At the same time, in a completely unrelated corner of my feed, Harshida Acharya — a logistics partner and podcast co-host — was writing about delivery and retention. Her observation: “Many leaders make it a priority to experience their own operations directly. Seeing the process as a customer often reveals gaps that metrics alone do not.”
She was describing the 4 o’clock question — the diagnostic moment from our 1998 Department of National Defence engagement — without knowing the term, the methodology, or the history behind it.
Two posts. Two industries. One diagnostic pattern — emerging independently, without coordination.
That is what strand commonality looks like in real time.
The Longer Pattern
These aren’t isolated signals. They are data points on a trajectory that has been building for four decades — and that the industry has been unable or unwilling to see.
To understand why, it helps to look at the only other modern case where overwhelming evidence failed to change institutional behavior for decades — and what finally broke the pattern.
In 1950, researchers published the first clinical evidence linking smoking to lung cancer. Smoking rates didn’t drop. They increased — peaking at nearly 57% by 1955. It took 14 years for the Surgeon General to issue an official report. It took 48 years for the tobacco industry to concede through the Master Settlement Agreement. It took 75 years for smoking rates to fall from 45% to 10%.
The evidence existed in 1950. The behavior didn’t change until ignoring the evidence became structurally expensive — through litigation, regulation, taxation, and accountability.
Enterprise technology is following the same curve.
Since the early 1980s, implementation failure rates have held at 70–80%. That number has not moved through four decades of technological advancement — not through ERP, not through cloud, not through digital transformation, not through AI. The platforms improved dramatically. The failure rate stayed the same.
During those same four decades, reliance on the instruments designed to guide vendor selection — Gartner’s Magic Quadrant, analyst rankings, capability assessments — increased from near zero to market dominance. And the failure rate held.

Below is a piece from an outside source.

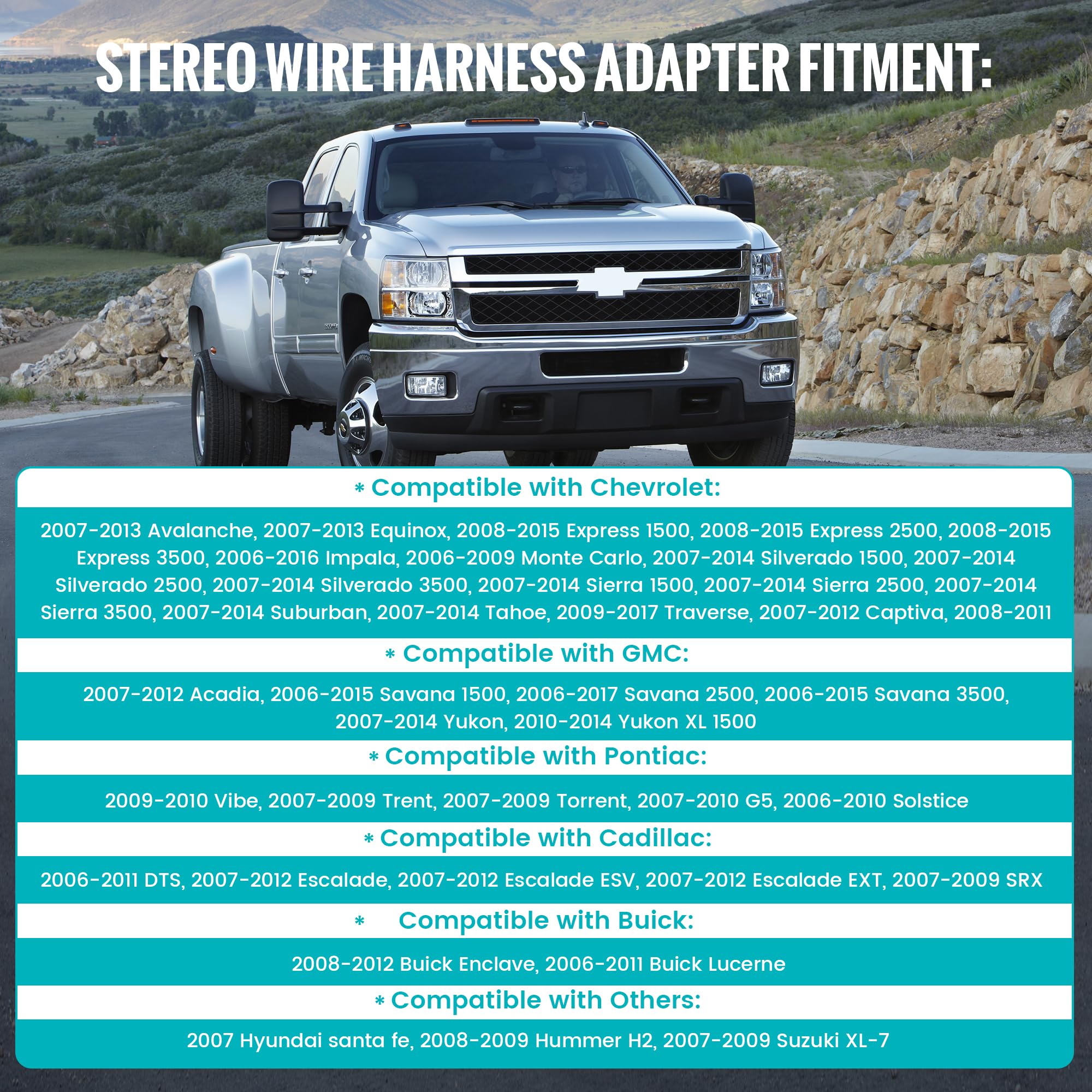 Stereo wiring adapter for Compatible with Chevrolet: 2007-2013 Avalanche, 2007-2013 Equinox, 2008-2015 Express 1500, 2008-2015 Express 2500, 2008-2015 Express 3500, 2006-2016 Impala, 2006-2009 Monte Carlo, 2007-2014 Silverado 1500/2500/3500, 2007-2014 Sierra 1500/2500/3500, 2007-2014 Suburban, 2007-2014 Tahoe, 2009-2017 Traverse, 2007-2012 Captiva, 2008-2011 Malibu LS

The most revealing observation on this timeline is not that the failure rate stayed flat. It is that as instrument reliance increased, outcomes did not improve. The industry didn’t abandon the instrument when it failed to produce results. It doubled down — exactly as public health institutions doubled down on measurement before litigation and regulation finally forced behavioral change in smoking.
What was missing was not better technology, but a diagnostic gate that made starting the wrong initiative more expensive than delaying the right one.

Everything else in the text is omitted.